Now, if the thread is the group commit leader, the next step for it is to acquire another, coarser lock guarding the binary log file itself. This is a low-contention lock with, at most, 1 thread waiting for it. When the leader thread acquires this binary log file lock, it will re-acquire the group commit queue lock before draining the group commit queue into a thread-local queue and subsequently releasing the lock group commit queue lock. At this instant, the leader thread holds the binary log lock, the shared group commit queue is empty and unlocked, and the non-leader threads are still just waiting. Any new group commit enqueues "just happen", and the first thread to do it, again, appoints itself as the "group commit leader" for its own, now-forming group while it waits to acquire the binary log file lock.
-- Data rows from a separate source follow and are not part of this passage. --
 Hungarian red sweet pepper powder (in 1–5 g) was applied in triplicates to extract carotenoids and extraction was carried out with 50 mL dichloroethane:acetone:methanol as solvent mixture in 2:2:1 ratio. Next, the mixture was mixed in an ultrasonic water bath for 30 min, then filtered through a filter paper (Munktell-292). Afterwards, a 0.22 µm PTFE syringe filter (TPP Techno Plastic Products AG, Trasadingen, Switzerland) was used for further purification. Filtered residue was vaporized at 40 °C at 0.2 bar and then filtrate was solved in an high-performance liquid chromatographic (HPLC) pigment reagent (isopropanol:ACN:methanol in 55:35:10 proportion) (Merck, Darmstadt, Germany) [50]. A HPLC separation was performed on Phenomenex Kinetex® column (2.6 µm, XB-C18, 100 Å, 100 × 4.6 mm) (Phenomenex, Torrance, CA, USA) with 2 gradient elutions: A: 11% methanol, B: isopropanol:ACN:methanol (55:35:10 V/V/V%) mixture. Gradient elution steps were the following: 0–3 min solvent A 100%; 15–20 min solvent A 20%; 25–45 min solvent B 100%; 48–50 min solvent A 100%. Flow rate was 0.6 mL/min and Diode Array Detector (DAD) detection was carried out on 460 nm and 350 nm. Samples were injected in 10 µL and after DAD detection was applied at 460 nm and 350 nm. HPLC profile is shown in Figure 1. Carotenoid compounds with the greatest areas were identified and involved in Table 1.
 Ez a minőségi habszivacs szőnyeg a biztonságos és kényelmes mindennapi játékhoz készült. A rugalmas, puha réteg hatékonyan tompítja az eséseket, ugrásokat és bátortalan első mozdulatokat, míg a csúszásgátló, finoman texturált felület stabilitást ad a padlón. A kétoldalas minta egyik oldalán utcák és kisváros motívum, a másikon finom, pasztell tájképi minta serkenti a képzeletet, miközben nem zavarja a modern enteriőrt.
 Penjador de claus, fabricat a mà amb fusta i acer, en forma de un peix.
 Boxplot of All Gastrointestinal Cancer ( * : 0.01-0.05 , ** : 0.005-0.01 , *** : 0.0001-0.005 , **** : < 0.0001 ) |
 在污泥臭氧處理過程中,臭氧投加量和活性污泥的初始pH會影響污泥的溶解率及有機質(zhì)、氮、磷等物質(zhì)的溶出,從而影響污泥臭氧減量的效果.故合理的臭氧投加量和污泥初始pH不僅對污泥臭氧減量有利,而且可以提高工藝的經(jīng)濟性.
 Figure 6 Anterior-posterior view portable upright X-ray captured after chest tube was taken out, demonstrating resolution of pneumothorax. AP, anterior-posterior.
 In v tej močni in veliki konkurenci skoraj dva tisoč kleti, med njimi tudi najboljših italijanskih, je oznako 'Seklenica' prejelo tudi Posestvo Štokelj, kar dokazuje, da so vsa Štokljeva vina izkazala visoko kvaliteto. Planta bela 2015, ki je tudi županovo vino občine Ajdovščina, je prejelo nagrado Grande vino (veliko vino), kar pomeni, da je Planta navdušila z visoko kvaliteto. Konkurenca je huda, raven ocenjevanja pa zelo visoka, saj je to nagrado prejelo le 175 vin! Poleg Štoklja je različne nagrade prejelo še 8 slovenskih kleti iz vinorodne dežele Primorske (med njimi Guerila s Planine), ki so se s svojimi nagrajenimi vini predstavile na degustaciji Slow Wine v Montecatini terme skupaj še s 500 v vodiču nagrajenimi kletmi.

At this point, the leader thread with the binary log file lock reads from its thread-local copy of the group commit queue for which it is responsible for writing into the binary log file. And, after writing the events into the binary log file, the leader thread syncs the binary log according to sync_binlog (which is, in fact, a counter!) and then unlocks the binary log file lock and then proceeds to "notify" the threads that had been waiting for their enqueued events to be written. At this point, another group commit leader may already be handling its own group. And so on. And so on. And on and on.

That's the gist of group commit, anyways, but there's still more fun to cover next week.